Memorable Quotes & Timestamps
- “Supervisors have a great deal of power. You're right, we don't have nearly the literature about supervision that we have about psychotherapy.”
— Nancy McWilliams (07:53) - “Supervision is much less difficult than psychotherapy. You're hearing things from one remove and they're clearer to you. You're not in the soup the same way the therapist is.”
— Nancy McWilliams (35:32) - “One student ... was profoundly manipulative... believed that every ... female patient ... had an erotic transference to him ... we were able to counsel him out of the program because I think he was a danger. But it’s ... difficult.”
— Nancy McWilliams (41:12) - “If you do this, it'll be positive in this way and negative in that way. If you do that, it'll be positive in this way and negative in that way.”
— Nancy McWilliams (47:27) - “Just stay in touch with where the self esteem of your supervisee is rather than your own sense that your own self esteem requires you to be adding something to what they know.”
— Nancy McWilliams (56:36)
Notable Moments & Timestamps
- 05:20: McWilliams explains how the COVID pandemic led her to write this book.
- 14:31: Discussion of 'intimate education' and Freud’s impossible professions.
- 20:35: Differentiating therapist and supervisor roles.
- 30:31: McWilliams outlines her preferred supervision session structure.
- 43:18: The supervisor’s role when a supervisee’s patient commits suicide.
- 47:23: Extended ethical vignette about confidentiality and disclosure.

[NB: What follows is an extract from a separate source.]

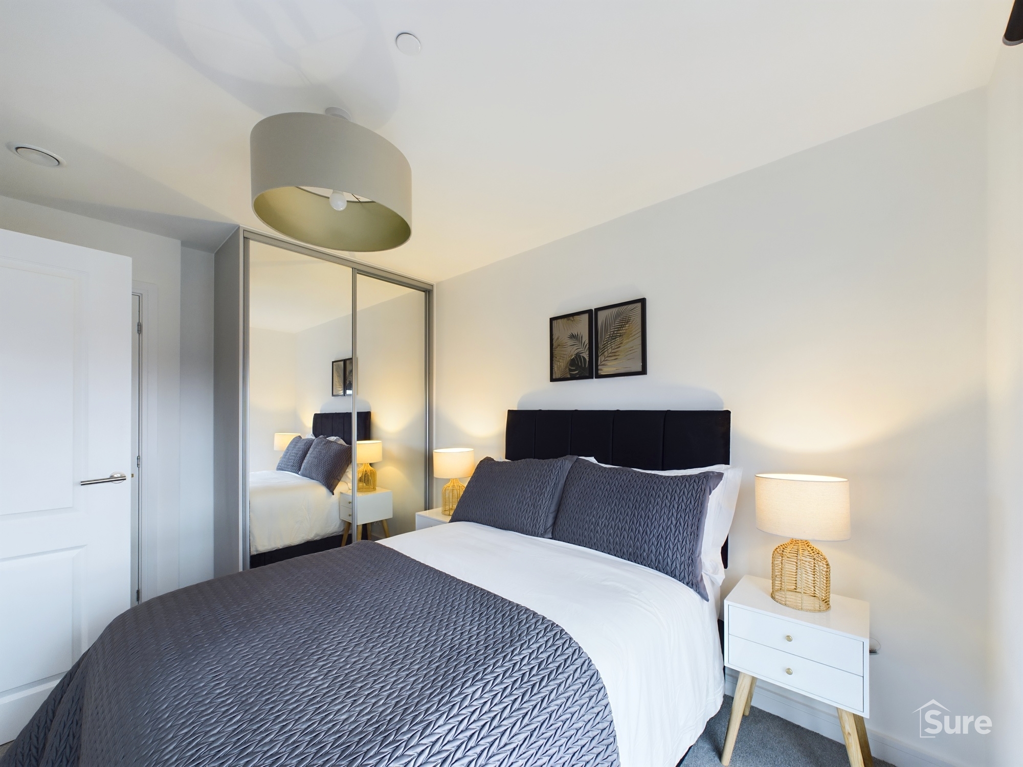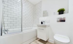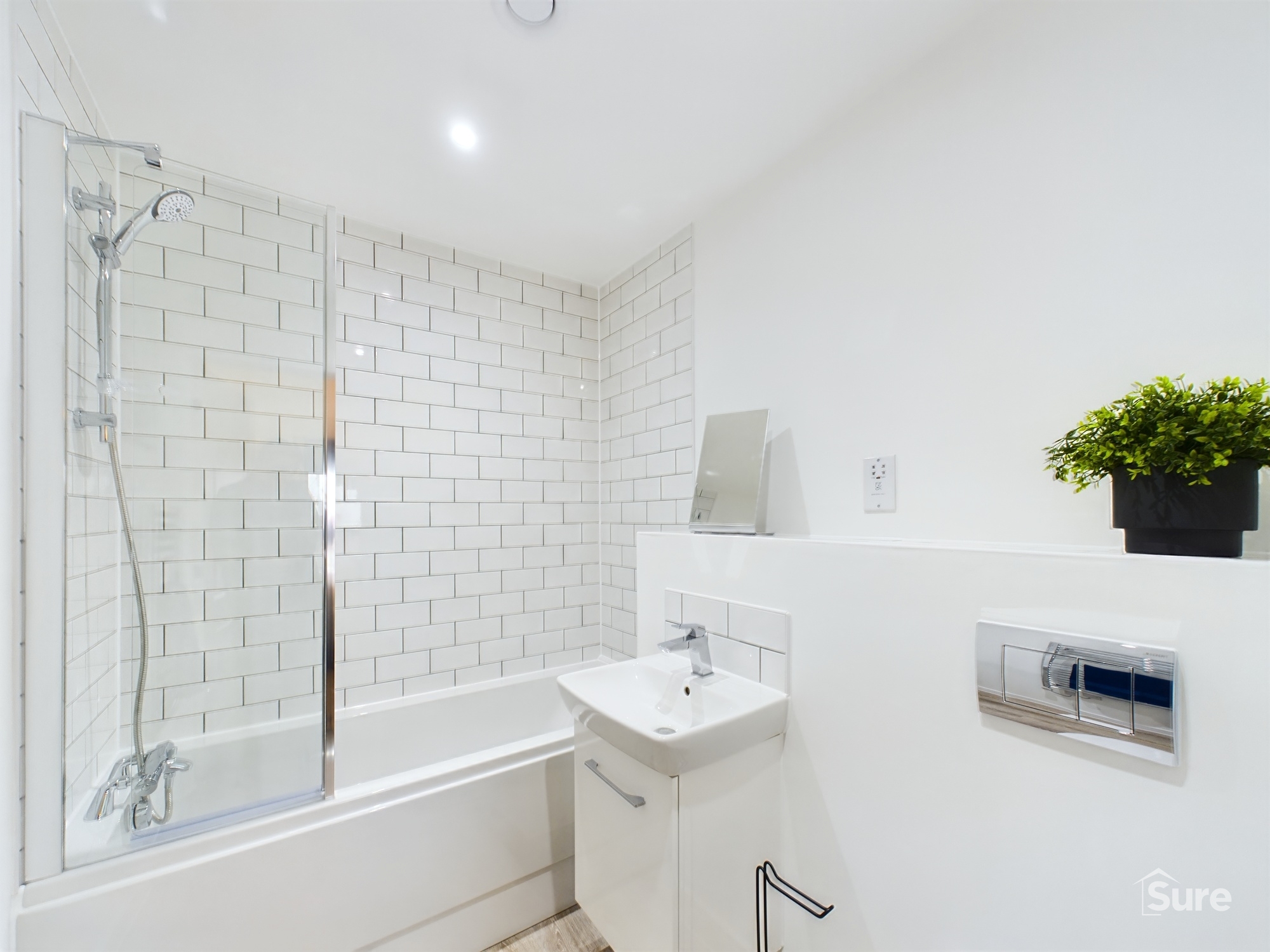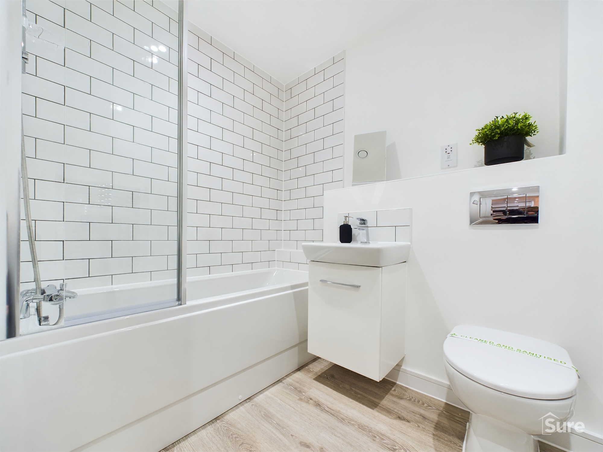 The apartment further offers a contemporary main bathroom, finished with a white three-piece suite and chrome fittings.

- 54:38: Final counsel about humility, tentativeness in recommendations, and respecting supervisees’ instincts.
Tone and Style
McWilliams is candid, deeply thoughtful, and rooted in both clinical experience and psychoanalytic tradition. The conversation is serious but warm, illustrative, and littered with rich real-world examples. Both host and guest keep the focus practical, relational, and ethical, inviting listeners into the intimate and often ambiguous world of psychoanalytic supervision.
For Further Reading
- Nancy McWilliams, Psychoanalytic Supervision (Guilford Publications, 2021)
- Reference to key articles by Charles Watkins, Jane Tillman, Eric Plaikin, and relational psychoanalysis literature.
- Readers interested in the nitty-gritty of supervision, ethical dilemmas, or psychoanalytic education will find rich insights and practical wisdom within both the book and this episode.